# Description of the task:
Return the stretch from the line with "Dumbell Nebula M27." through the line with "3. 왼쪽 상단의 사람" in the data below, character for character, skipping all pictures.

# Data:
********
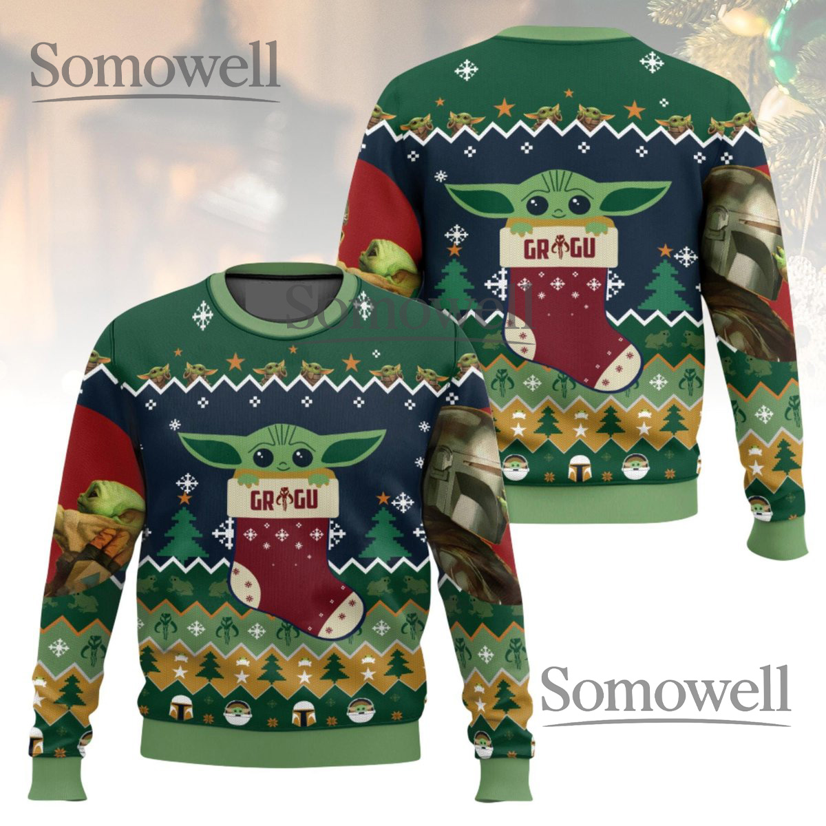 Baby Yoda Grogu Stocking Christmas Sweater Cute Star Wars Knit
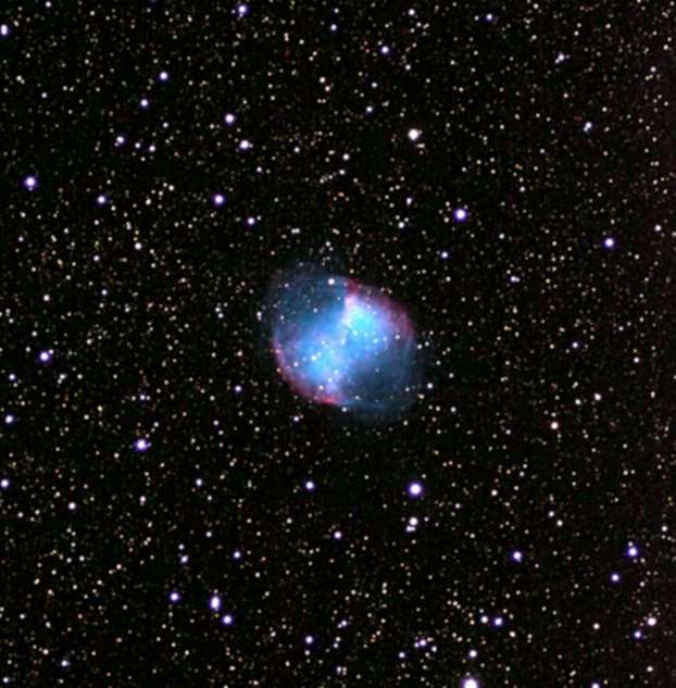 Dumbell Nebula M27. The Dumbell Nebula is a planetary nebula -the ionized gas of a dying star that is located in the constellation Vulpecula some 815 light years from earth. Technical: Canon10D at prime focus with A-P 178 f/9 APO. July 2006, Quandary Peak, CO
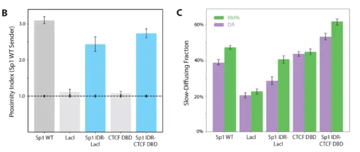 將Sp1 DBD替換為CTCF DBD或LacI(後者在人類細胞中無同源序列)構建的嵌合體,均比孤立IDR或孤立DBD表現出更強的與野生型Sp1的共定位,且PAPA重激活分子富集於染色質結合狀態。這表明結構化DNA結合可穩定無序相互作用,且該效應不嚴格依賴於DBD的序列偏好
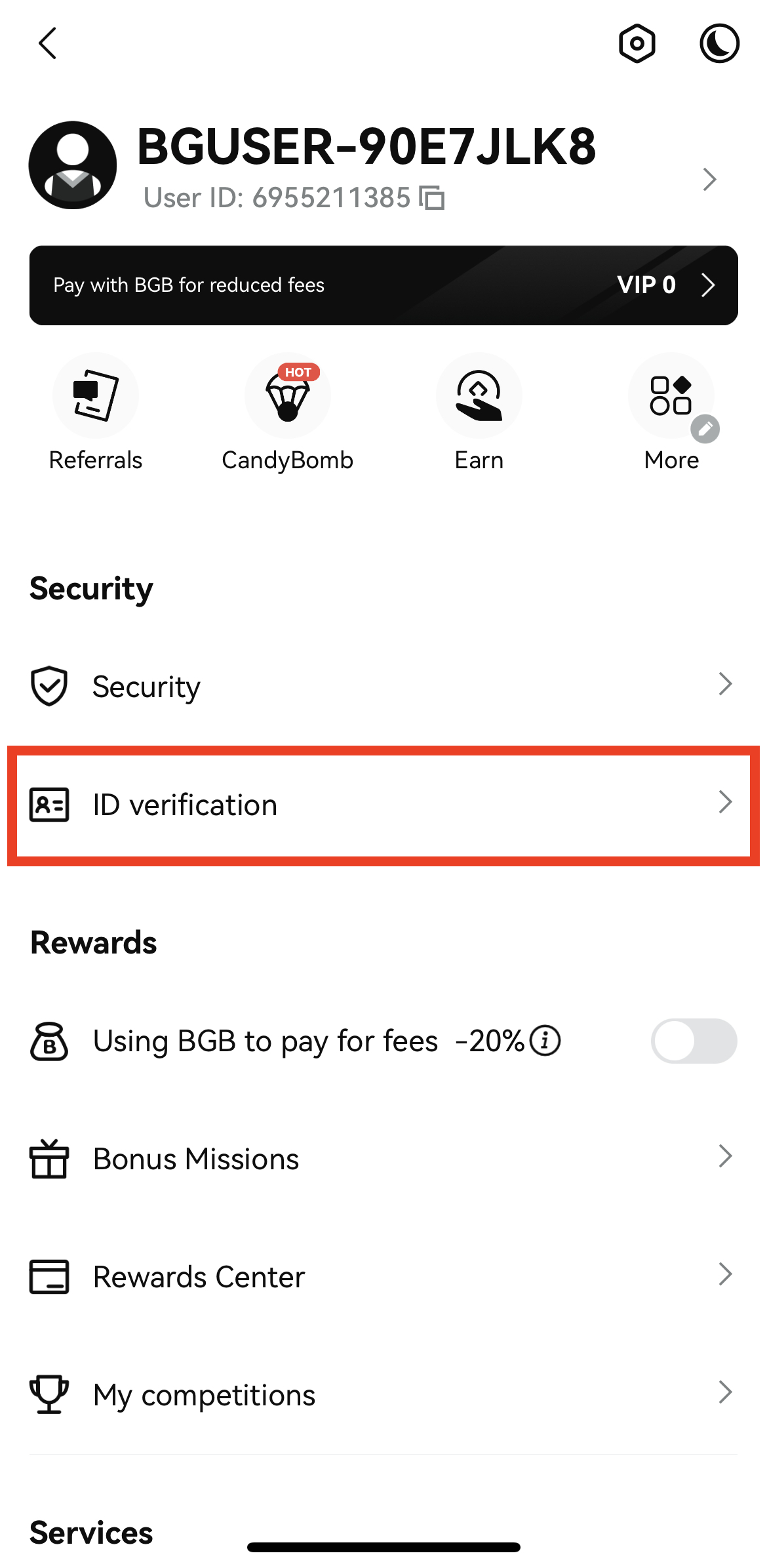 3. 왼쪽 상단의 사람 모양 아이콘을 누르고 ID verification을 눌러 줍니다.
********
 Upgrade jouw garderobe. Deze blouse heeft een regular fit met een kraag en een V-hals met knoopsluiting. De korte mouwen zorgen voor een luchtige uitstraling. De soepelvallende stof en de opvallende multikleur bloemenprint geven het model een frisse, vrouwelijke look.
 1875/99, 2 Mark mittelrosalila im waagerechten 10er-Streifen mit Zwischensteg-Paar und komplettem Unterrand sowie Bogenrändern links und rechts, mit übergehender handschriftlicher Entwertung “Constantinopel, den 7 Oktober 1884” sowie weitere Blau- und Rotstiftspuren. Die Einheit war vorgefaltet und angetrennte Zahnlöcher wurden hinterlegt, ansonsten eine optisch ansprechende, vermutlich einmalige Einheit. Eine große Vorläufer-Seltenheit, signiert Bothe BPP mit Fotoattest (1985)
********
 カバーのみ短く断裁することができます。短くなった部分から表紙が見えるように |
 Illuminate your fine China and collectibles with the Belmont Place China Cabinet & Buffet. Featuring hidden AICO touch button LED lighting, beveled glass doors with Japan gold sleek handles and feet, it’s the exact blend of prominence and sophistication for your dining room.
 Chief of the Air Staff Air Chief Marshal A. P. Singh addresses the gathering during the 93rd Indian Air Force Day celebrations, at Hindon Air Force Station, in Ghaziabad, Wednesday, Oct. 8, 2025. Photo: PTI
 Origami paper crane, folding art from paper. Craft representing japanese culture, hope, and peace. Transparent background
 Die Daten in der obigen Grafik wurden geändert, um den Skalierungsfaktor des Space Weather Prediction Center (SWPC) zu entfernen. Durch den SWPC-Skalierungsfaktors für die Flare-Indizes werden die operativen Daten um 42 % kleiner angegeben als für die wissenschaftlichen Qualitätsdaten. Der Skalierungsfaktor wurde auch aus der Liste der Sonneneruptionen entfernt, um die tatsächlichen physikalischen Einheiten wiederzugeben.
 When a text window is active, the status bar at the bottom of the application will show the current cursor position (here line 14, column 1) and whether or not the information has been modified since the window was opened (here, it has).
********
# Exercise answer:
 Dumbell Nebula M27. The Dumbell Nebula is a planetary nebula -the ionized gas of a dying star that is located in the constellation Vulpecula some 815 light years from earth. Technical: Canon10D at prime focus with A-P 178 f/9 APO. July 2006, Quandary Peak, CO
 將Sp1 DBD替換為CTCF DBD或LacI(後者在人類細胞中無同源序列)構建的嵌合體,均比孤立IDR或孤立DBD表現出更強的與野生型Sp1的共定位,且PAPA重激活分子富集於染色質結合狀態。這表明結構化DNA結合可穩定無序相互作用,且該效應不嚴格依賴於DBD的序列偏好
 3. 왼쪽 상단의 사람 모양 아이콘을 누르고 ID verification을 눌러 줍니다.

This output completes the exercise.